### PROBLEM TO WORK ON
Copy out precisely the lines of the material that follows, beginning with the line containing "Regardez l’attaquant des" and ending with its last line; exclude pictures.

### SOURCE MATERIAL
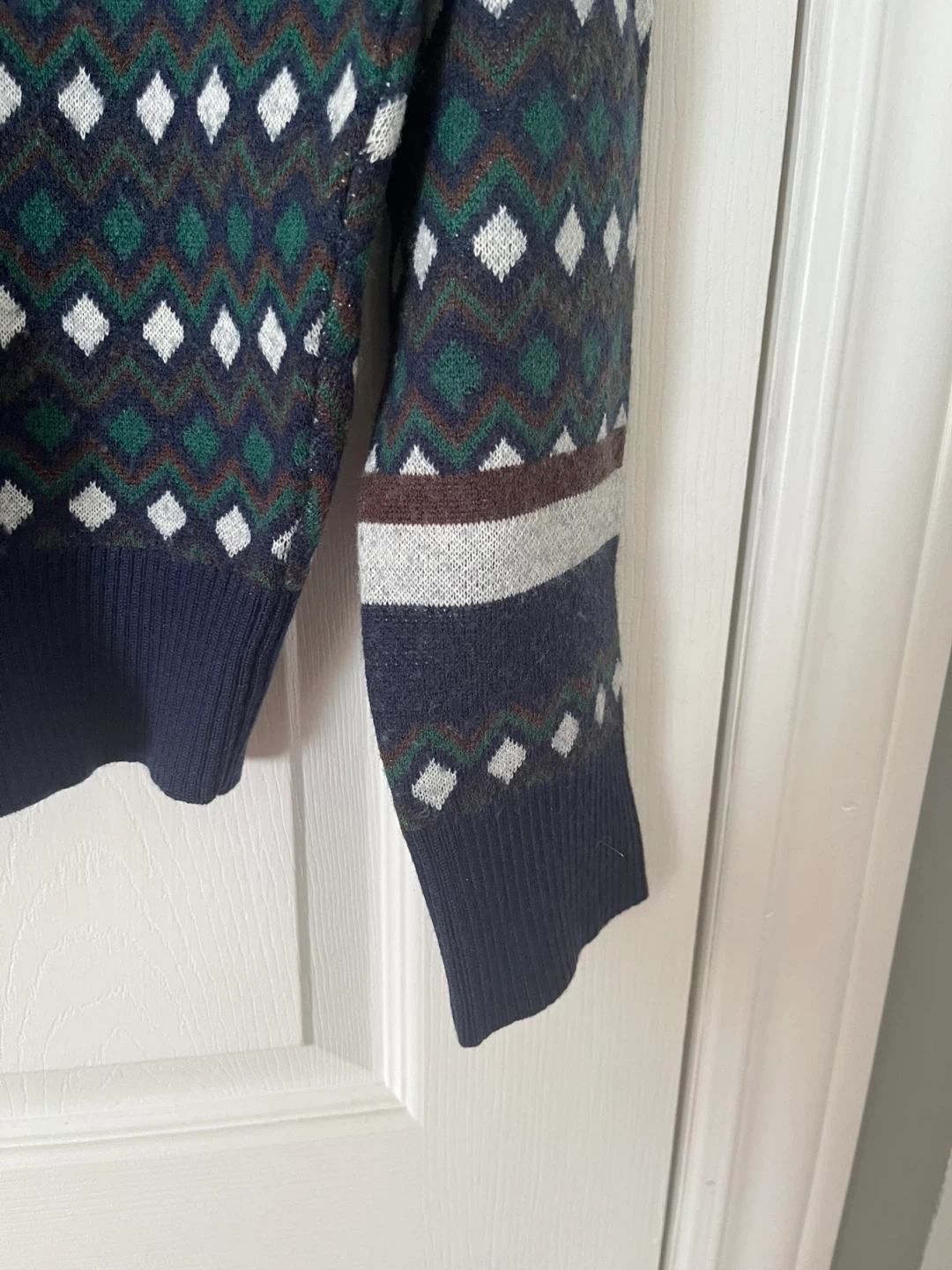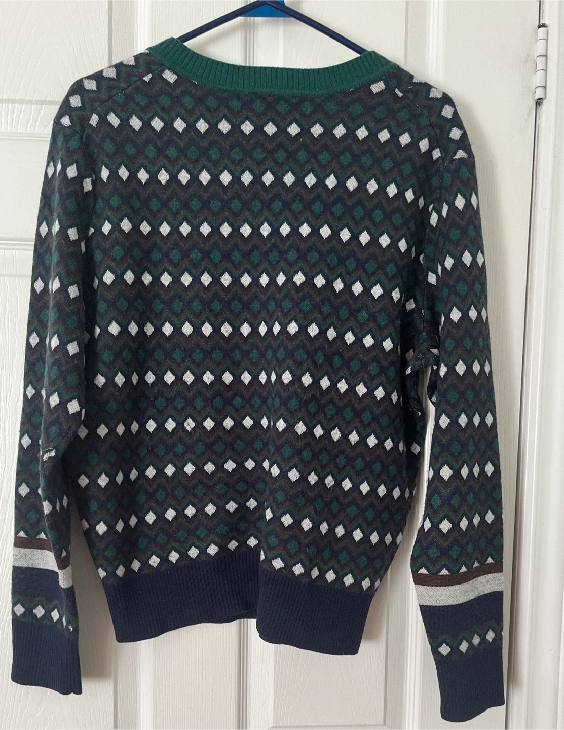 Here's a cozy sweater from Simons' 31 line! It's a size medium with a classic argyle pattern in shades of green, navy, and white. Perfect for adding a touch of style to your wardrobe.
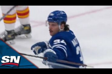 Regardez l’attaquant des Maple Leafs de Toronto Auston Matthews tirer la rondelle devant le gardien des Flames de Calgary Daniel…
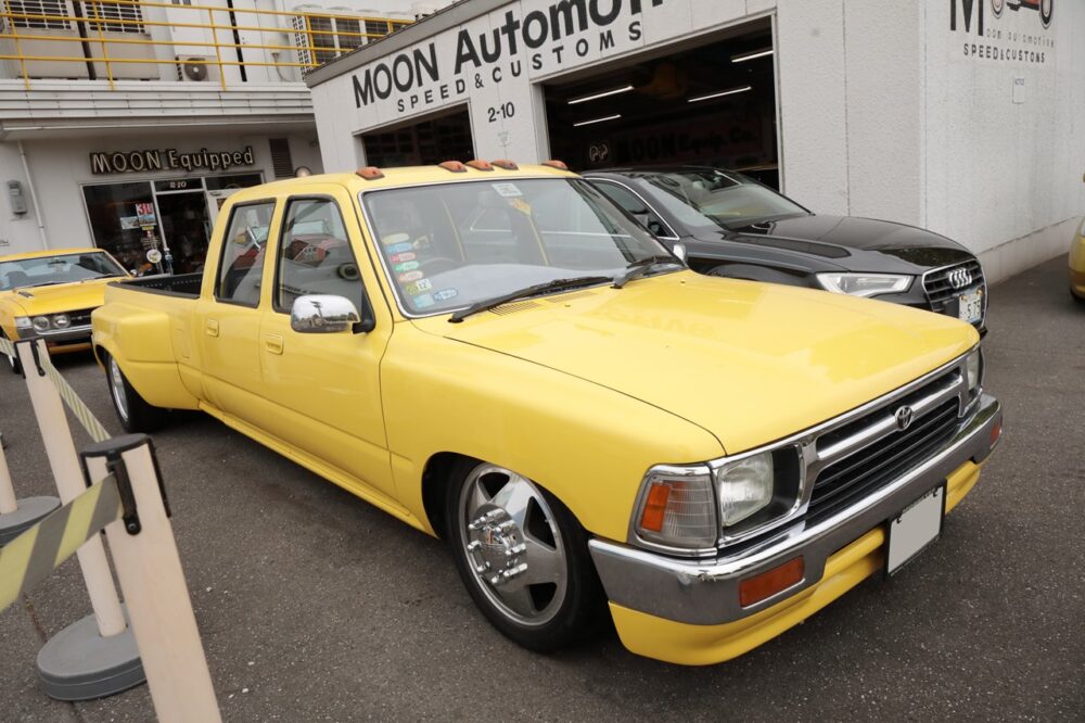’90年代にムーンアイズがプロデュースしたToyotaHi-Lux Dually。ロー&ロングのシルエットが特徴で、バイクを積むトランスポーターに最適。

### COMPLETED TASK
 Regardez l’attaquant des Maple Leafs de Toronto Auston Matthews tirer la rondelle devant le gardien des Flames de Calgary Daniel…
’90年代にムーンアイズがプロデュースしたToyotaHi-Lux Dually。ロー&ロングのシルエットが特徴で、バイクを積むトランスポーターに最適。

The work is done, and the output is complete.